Around 15:30, BTC once again fell below the $90,000 mark for the first time in nearly a month and a half. OKX market data shows:
BTC hit a low of $88,189 USDT, and as of 15:50 it is temporarily reported at $89,204 USDT, a 24-hour drop of 6.80%;
ETH hit a low of $2,315 USDT, and is temporarily reported at $2,378.01 USDT, a 24-hour drop of 12.5%;
SOL hit a low of $132.8 USDT, and is temporarily reported at $136.5 USDT, a 24-hour drop of 15.12%;
Other Altcoins and on-chain meme coins need not be mentioned, with generally more than 10% or even 20% declines.
In terms of derivatives data, Coinglass data shows that $1.337 billion was liquidated across the network in the past 24 hours, with the vast majority being long liquidations, amounting to $1.25 billion. In terms of currencies, $517 million in BTC and $294 million in ETH were liquidated.
Targeting a large contract holder?
Regarding the reasons for this sharp decline, some community members interpreted it as a targeted attack by a large trading group on a BTC long contract holder on a CEX (nicknamed "First target 10 big ones").
Community screenshots show that the user had an average opening price of $100,320.8 USDT, with a position of 5,184.527 BTC, and an estimated liquidation price of $82,592.68.
However, as the market accelerated its decline, the large holder seems to have closed their position in advance. On-chain analyst Ai Aunt monitored that the BTC long contract user had taken losses and stopped out, and in the past 5 minutes had taken losses at an average price of $89,138 on 1,783.48 BTC, totaling $159 million.

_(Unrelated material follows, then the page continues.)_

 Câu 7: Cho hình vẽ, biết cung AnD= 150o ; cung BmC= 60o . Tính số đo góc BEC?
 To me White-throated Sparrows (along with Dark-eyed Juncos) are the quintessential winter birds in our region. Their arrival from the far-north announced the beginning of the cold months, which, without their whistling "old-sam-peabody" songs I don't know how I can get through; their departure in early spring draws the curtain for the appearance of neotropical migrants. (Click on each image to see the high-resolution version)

At the same time, the user X suspected to be the large holder, jasonleo, also responded to the situation of this position. jasonleo admitted to "recognizing the mistake and withdrawing", but also clarified that he did not "take losses and withdraw the principal", because the actual position was entered later, causing the on-chain data platform to not account for the previous profits.

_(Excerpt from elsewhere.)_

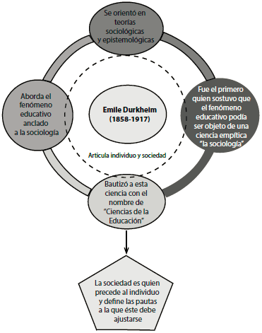 De acuerdo con los razonamientos realizados, el pensamiento de Durkheim va desde la teoría y la práctica docente, y aborda el fenómeno educativo anclada a la sociología, por lo que, será la sociedad la que considere a los individuos para la construcción del saber. Así la sociedad es la que precede al individuo y define las pautas a la que debe ajustarse asumiendo realidades y contextos que implican aspectos como creencias y valores.

The large holder finally said: "From a profit of 7 billion to 0 profit, just one shot away from the 10 billion target, what a pity."
What do the big shots/institutions think?
In the morning article, we briefly covered the views of BitMEX co-founder Arthur Hayes and Placeholder partner Chris Burniske on the future market - Arthur Hayes still sees a downside to $70,000, while Chris Burniske believes this is just a mid-bull correction.
To help everyone judge the future market more clearly, we have again sorted out the views of more big shots/institutions, with details as follows.
OKX: Multiple factors triggered this round of decline, the key to the future market is the inflow of incremental capital
OKX Research Institute senior researcher Zhao Wei analyzed that global trade tensions, the plunge in US stocks, deleveraging, the withdrawal of institutional capital, the frequent occurrence of security incidents, and the ebbing of the SOL ecosystem hype have all contributed to this round of market decline.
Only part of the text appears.